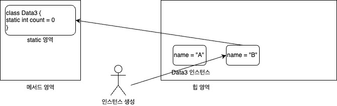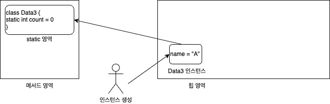 - Data3("A") 인스턴스를 생성하면 생성자가 호출된다. 생성자에는 count++ 코드가 있는데 여기서 count 변수는 정적 변수 이다. 정적변수는 메서드 영역에서 관리하기 때문에 메서드 영역에 있는 count 의 값이 증가하는 것이다.
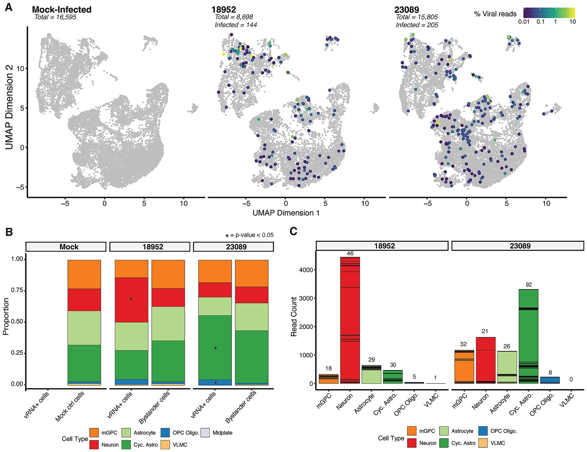 Panel A displays UMAP plots comparing mock-infected and infected samples (18952, 23089), illustrating viral read percentages with color coding. Panels B and C present proportional and read count bar charts for cell types, differentiated by color, showing statistical significance with asterisks.
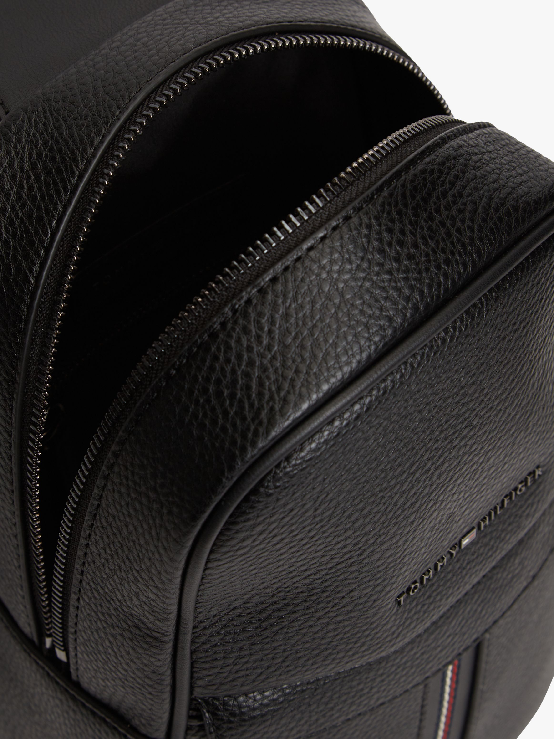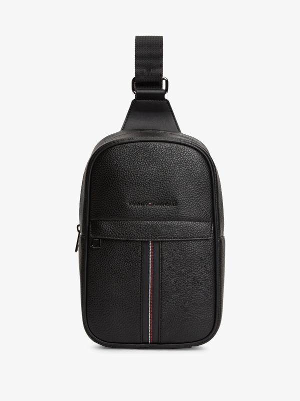 • Flat pebble grain finish • Zip closure • Crossbody strap • One main compartment • One exterior zipped pocket • Signature tape embroidery on front • Tommy Hilfiger metal logo on front • Tommy Hilfiger branding
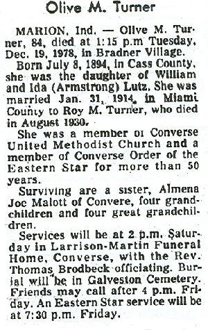 TURNEROlive M.    8 Jul 1894 19 Dec 1978 23 Dec 1978  84  2nd Add; Sec 1 128  2
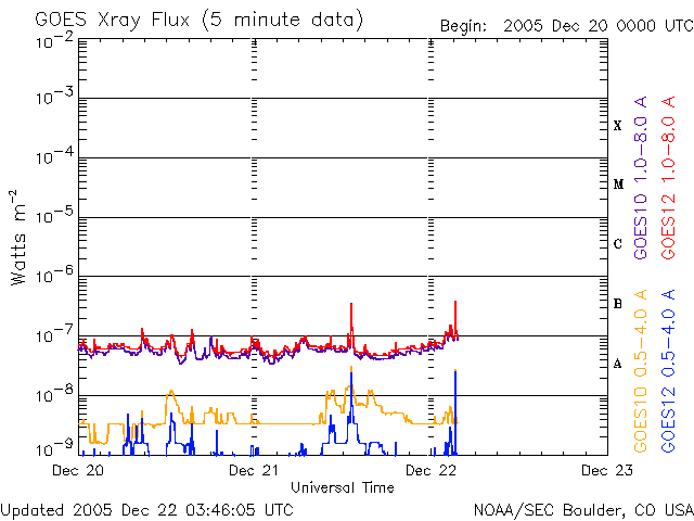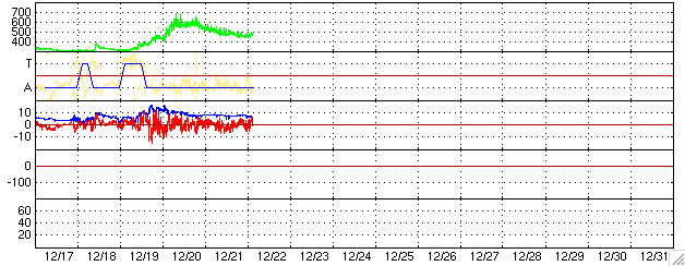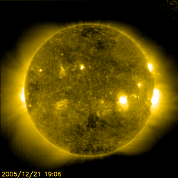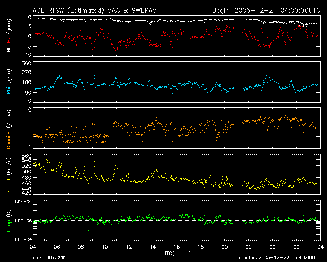 2005/12/22 12:50 更新 太陽風の速度は低下を続けています。オーロラはやや活発です。 担当 篠原 今日は冬至です。 宇宙天気に季節は関係なさそうに思われますが、 地球の自転軸の太陽に対する傾き具合が変化するために、統計的には影響が見られます。 例えば、春と秋は宇宙天気が乱れやすくなるという傾向が知られています。 地球はコロナホールの高速風領域を抜けつつあります。 太陽風の速度は順調に低下を続けていて、450km/秒まで下がりました。 速度の低下は一旦止まった様に見えますが、今後もゆっくりと低下する傾向を示すと思われます。 27日周期の図を参考にすると、もう1〜2日ほどかけて400km/秒まで下がっていくのではないでしょうか。 その後、低速状態が3日ほど続いて、次の高速風がやってきそうです。 SOHO EIT284の太陽写真の、左端付近にほんのり暗くコロナホールらしき影が見えています。 これが太陽の中心に進み、速度の高い太陽風を地球にもたらします。 速度の上昇は12月27日くらいになりそうです。 シベリアの磁場データを見ると、オーロラ活動はやや活発に続いている様です。 500nTくらいの変化が観測されています。 太陽風の磁場変化を見ると、磁場強度が8nTとやや強く、 南北成分が-5nTくらいの大きさで南を向く事が度々見られています。 その影響でしょう。 今後は速度が低下して行き、磁場強度も弱まっていくと思われますので、 オーロラ活動もより低調になっていくでしょう。 太陽はとても穏やかです。 837黒点群もやや小さくなった様に見えます。 SOHO衛星のEIT284カメラの映像 (c) SOHO (ESA & NASA)

■ ■ ■ ■ ■

_WORK INSTRUCTION_
None of the pictures belongs in the answer, but all the entries must be repeated exactly.

_ANSWER BELOW_
 - Data3("A") 인스턴스를 생성하면 생성자가 호출된다. 생성자에는 count++ 코드가 있는데 여기서 count 변수는 정적 변수 이다. 정적변수는 메서드 영역에서 관리하기 때문에 메서드 영역에 있는 count 의 값이 증가하는 것이다.
 Panel A displays UMAP plots comparing mock-infected and infected samples (18952, 23089), illustrating viral read percentages with color coding. Panels B and C present proportional and read count bar charts for cell types, differentiated by color, showing statistical significance with asterisks.
 • Flat pebble grain finish • Zip closure • Crossbody strap • One main compartment • One exterior zipped pocket • Signature tape embroidery on front • Tommy Hilfiger metal logo on front • Tommy Hilfiger branding
 TURNEROlive M.    8 Jul 1894 19 Dec 1978 23 Dec 1978  84  2nd Add; Sec 1 128  2
 2005/12/22 12:50 更新 太陽風の速度は低下を続けています。オーロラはやや活発です。 担当 篠原 今日は冬至です。 宇宙天気に季節は関係なさそうに思われますが、 地球の自転軸の太陽に対する傾き具合が変化するために、統計的には影響が見られます。 例えば、春と秋は宇宙天気が乱れやすくなるという傾向が知られています。 地球はコロナホールの高速風領域を抜けつつあります。 太陽風の速度は順調に低下を続けていて、450km/秒まで下がりました。 速度の低下は一旦止まった様に見えますが、今後もゆっくりと低下する傾向を示すと思われます。 27日周期の図を参考にすると、もう1〜2日ほどかけて400km/秒まで下がっていくのではないでしょうか。 その後、低速状態が3日ほど続いて、次の高速風がやってきそうです。 SOHO EIT284の太陽写真の、左端付近にほんのり暗くコロナホールらしき影が見えています。 これが太陽の中心に進み、速度の高い太陽風を地球にもたらします。 速度の上昇は12月27日くらいになりそうです。 シベリアの磁場データを見ると、オーロラ活動はやや活発に続いている様です。 500nTくらいの変化が観測されています。 太陽風の磁場変化を見ると、磁場強度が8nTとやや強く、 南北成分が-5nTくらいの大きさで南を向く事が度々見られています。 その影響でしょう。 今後は速度が低下して行き、磁場強度も弱まっていくと思われますので、 オーロラ活動もより低調になっていくでしょう。 太陽はとても穏やかです。 837黒点群もやや小さくなった様に見えます。 SOHO衛星のEIT284カメラの映像 (c) SOHO (ESA & NASA)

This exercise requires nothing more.